THE PROBLEM
In the listing below, locate the line with "- Bij Overhemden.com" and the line with "и краски. |", then output both and everything between them exactly, minus any pictures.

<<<<

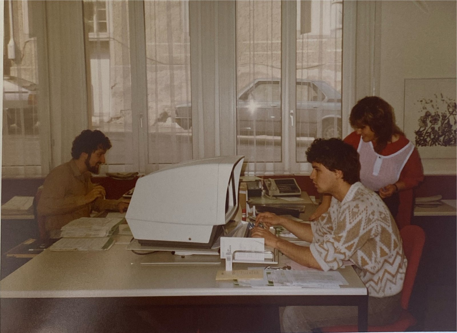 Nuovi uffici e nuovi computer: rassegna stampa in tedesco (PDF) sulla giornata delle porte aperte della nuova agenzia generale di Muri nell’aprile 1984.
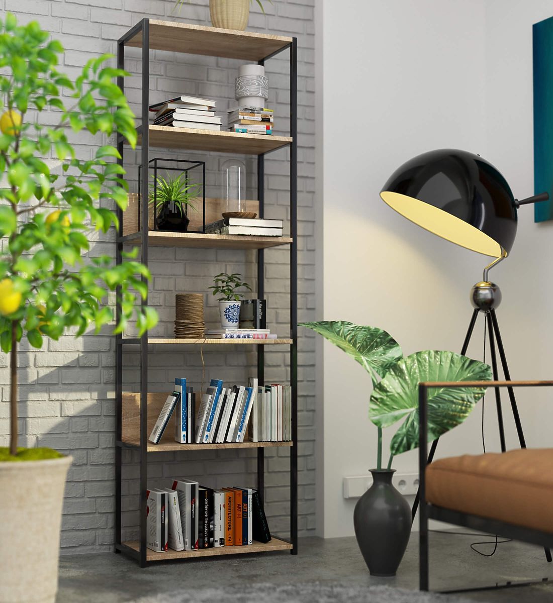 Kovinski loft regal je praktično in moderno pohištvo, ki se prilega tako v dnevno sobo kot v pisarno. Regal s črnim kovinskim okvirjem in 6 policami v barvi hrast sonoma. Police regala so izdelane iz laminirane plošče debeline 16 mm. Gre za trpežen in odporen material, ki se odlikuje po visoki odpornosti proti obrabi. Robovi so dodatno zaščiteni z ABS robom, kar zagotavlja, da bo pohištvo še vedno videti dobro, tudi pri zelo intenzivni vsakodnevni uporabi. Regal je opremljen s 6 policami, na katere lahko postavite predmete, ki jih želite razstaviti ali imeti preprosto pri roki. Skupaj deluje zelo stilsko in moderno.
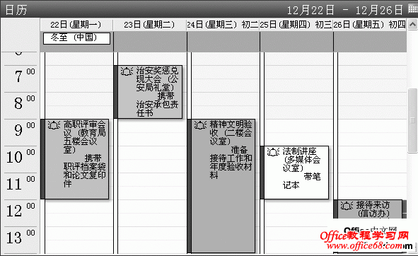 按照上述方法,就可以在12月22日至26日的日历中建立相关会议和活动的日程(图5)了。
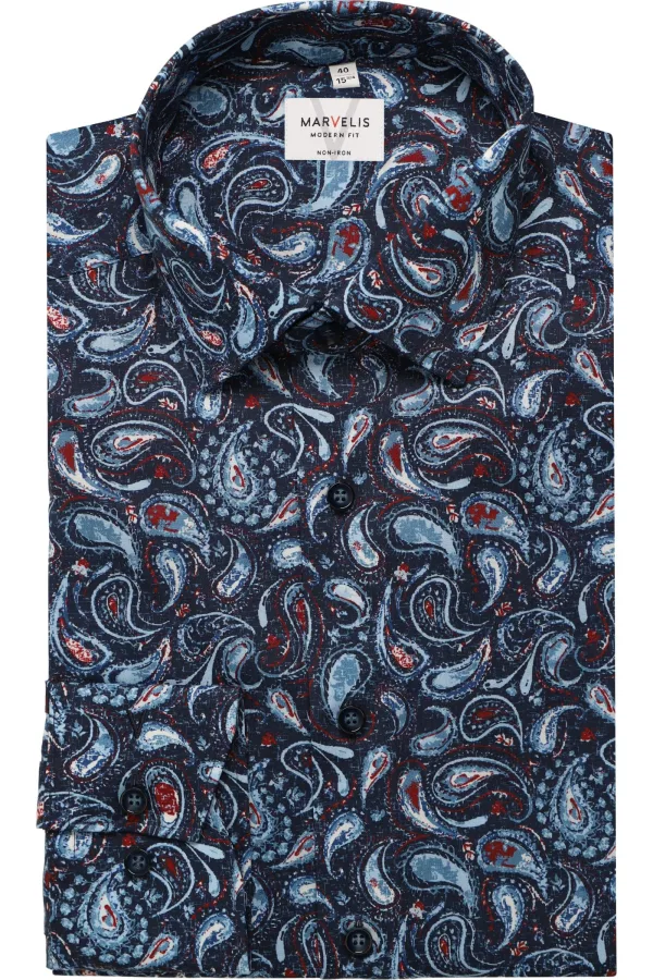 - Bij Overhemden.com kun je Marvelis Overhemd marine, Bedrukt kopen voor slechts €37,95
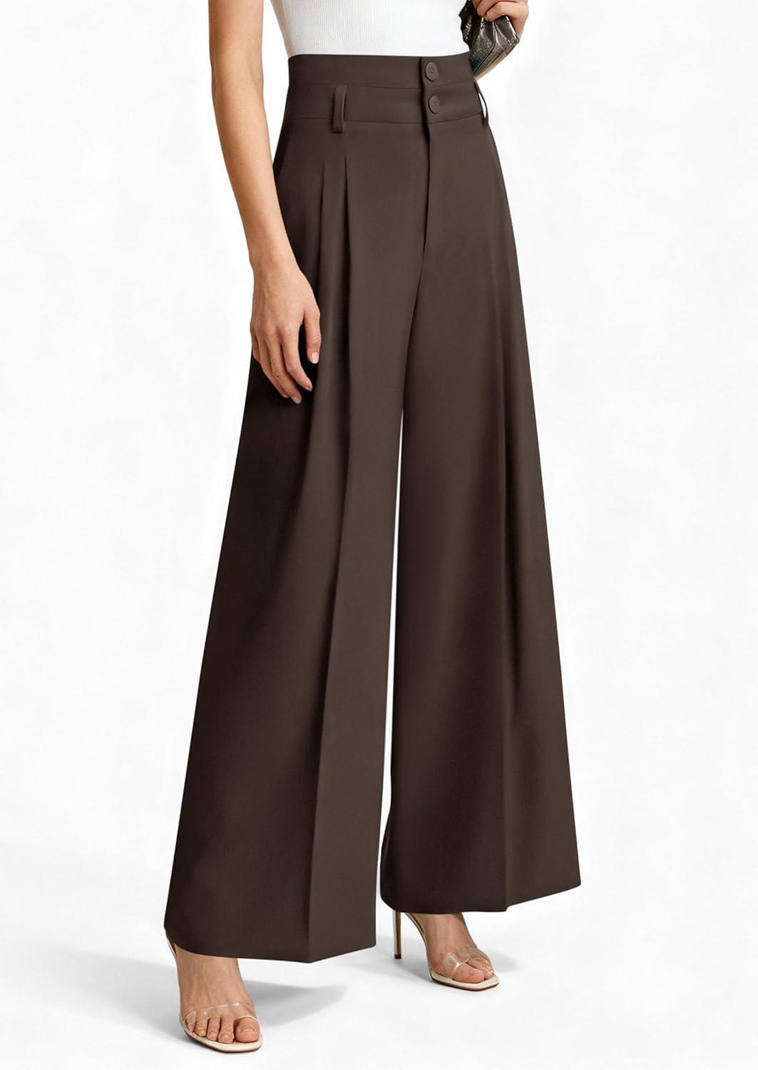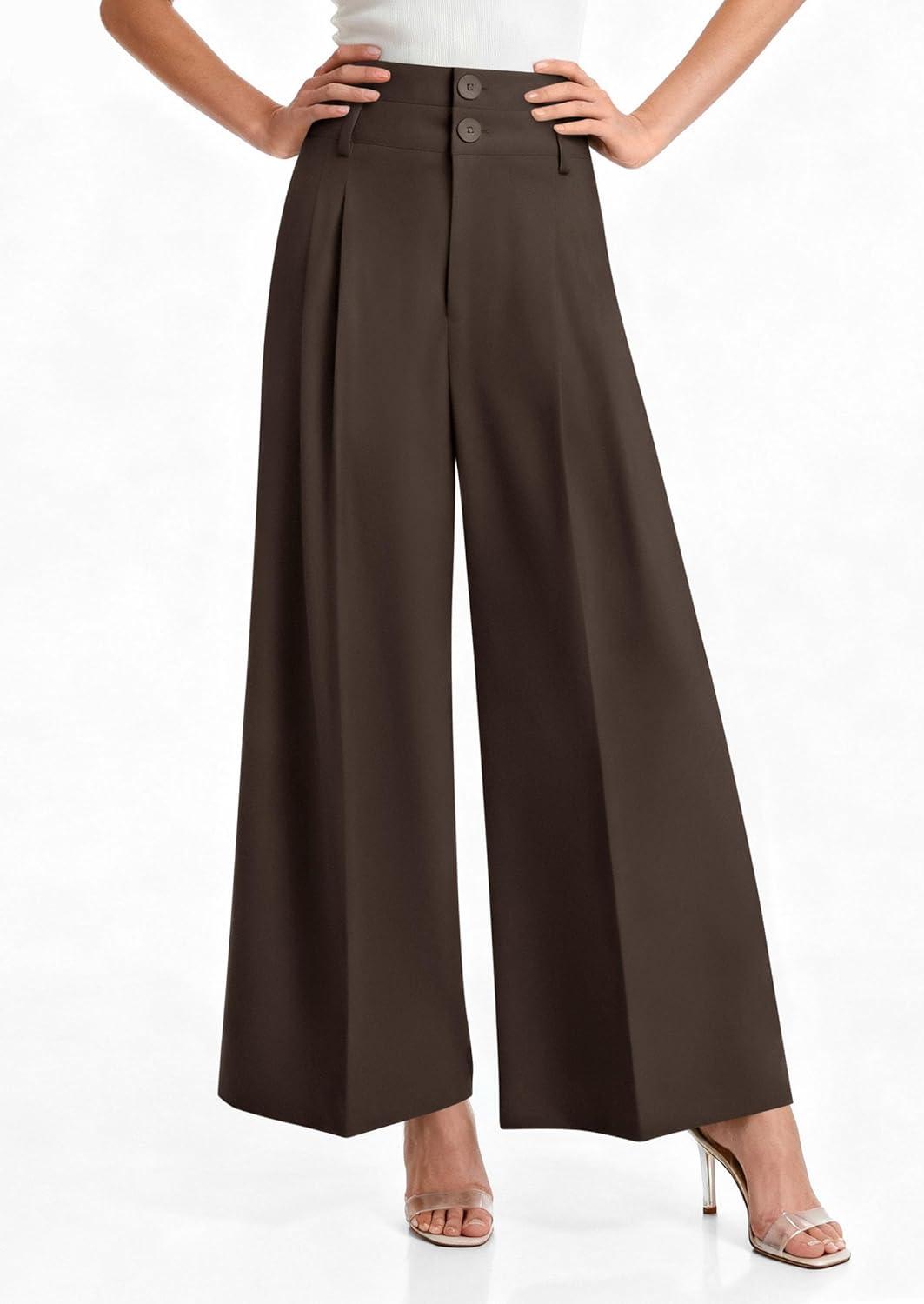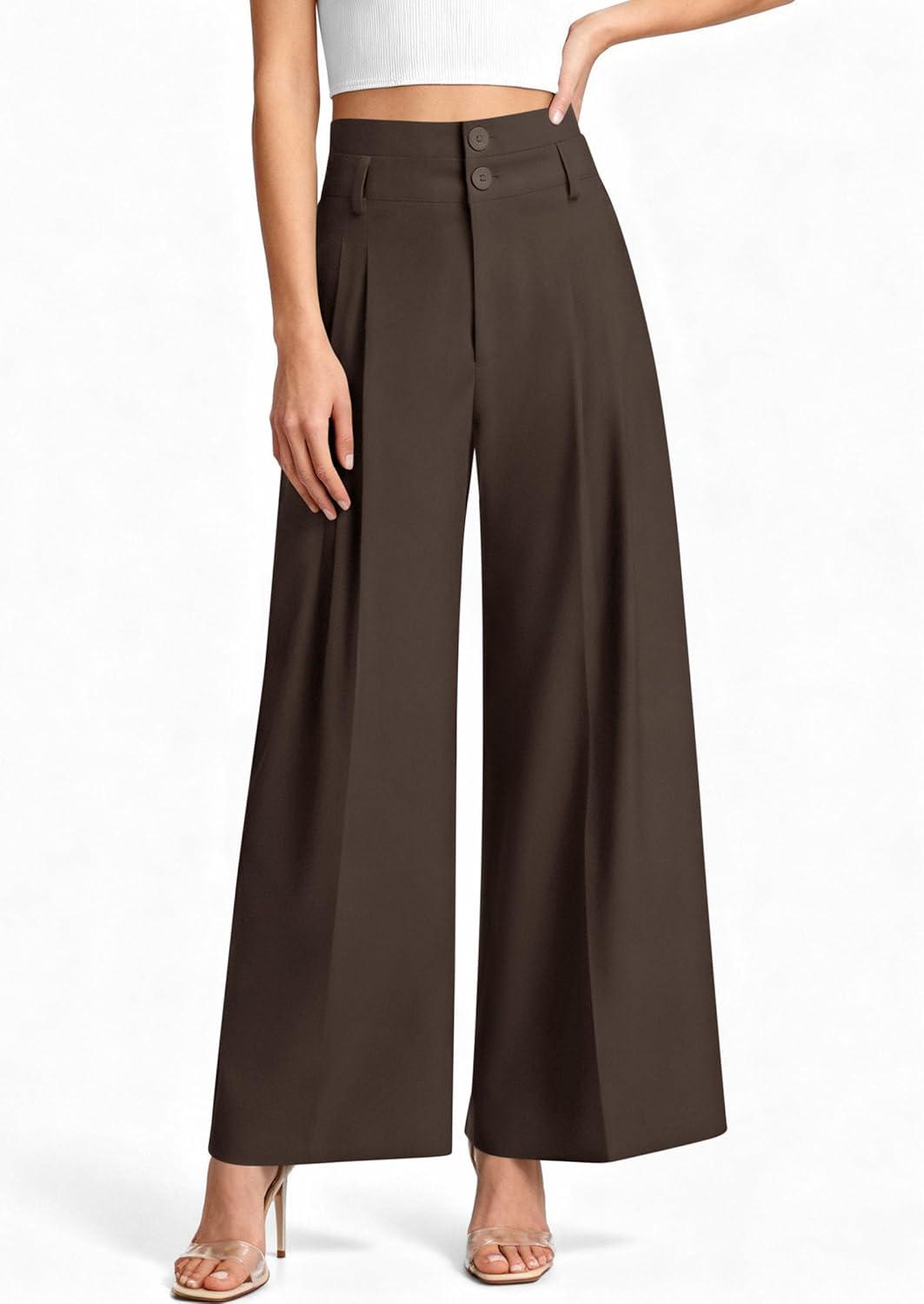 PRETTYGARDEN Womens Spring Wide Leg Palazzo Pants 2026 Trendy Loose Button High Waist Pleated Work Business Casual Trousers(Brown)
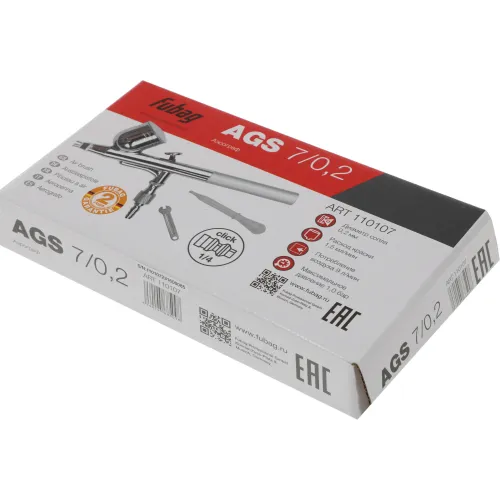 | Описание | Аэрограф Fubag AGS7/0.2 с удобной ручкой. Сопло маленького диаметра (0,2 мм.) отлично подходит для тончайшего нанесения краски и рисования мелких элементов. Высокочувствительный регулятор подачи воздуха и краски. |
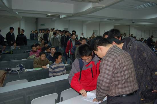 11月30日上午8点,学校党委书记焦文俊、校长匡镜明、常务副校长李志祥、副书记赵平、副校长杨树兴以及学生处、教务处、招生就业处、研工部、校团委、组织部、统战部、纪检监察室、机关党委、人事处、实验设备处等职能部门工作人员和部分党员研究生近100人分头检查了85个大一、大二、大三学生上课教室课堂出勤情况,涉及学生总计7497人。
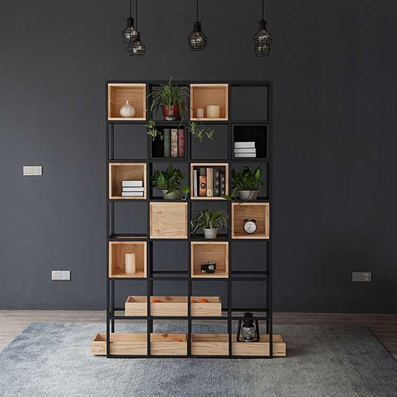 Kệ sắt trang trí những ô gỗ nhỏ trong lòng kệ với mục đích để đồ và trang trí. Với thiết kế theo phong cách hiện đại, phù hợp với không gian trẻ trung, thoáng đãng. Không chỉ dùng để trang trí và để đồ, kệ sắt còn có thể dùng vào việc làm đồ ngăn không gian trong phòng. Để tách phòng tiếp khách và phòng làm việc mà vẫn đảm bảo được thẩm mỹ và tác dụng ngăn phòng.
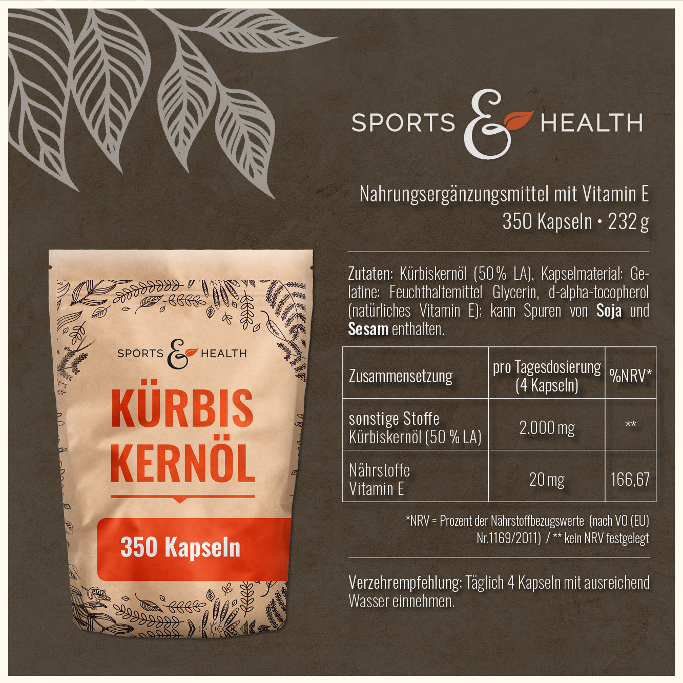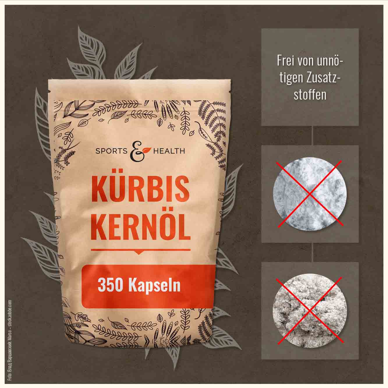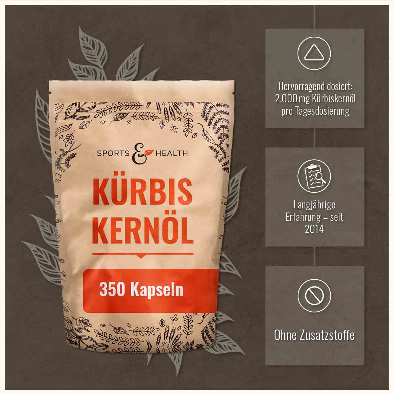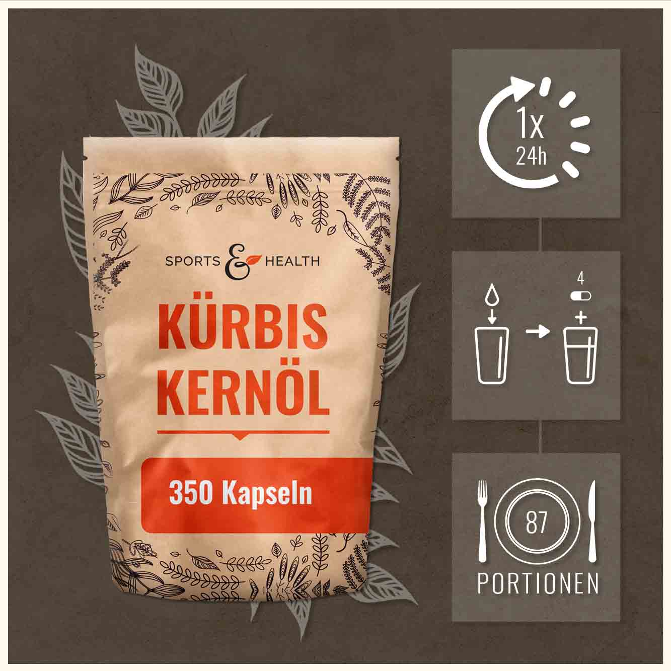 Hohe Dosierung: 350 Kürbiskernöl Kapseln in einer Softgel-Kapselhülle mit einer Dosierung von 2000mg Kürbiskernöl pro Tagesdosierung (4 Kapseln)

>>>>

REPLY TO THE EXERCISE
 - Bij Overhemden.com kun je Marvelis Overhemd marine, Bedrukt kopen voor slechts €37,95
 PRETTYGARDEN Womens Spring Wide Leg Palazzo Pants 2026 Trendy Loose Button High Waist Pleated Work Business Casual Trousers(Brown)
 | Описание | Аэрограф Fubag AGS7/0.2 с удобной ручкой. Сопло маленького диаметра (0,2 мм.) отлично подходит для тончайшего нанесения краски и рисования мелких элементов. Высокочувствительный регулятор подачи воздуха и краски. |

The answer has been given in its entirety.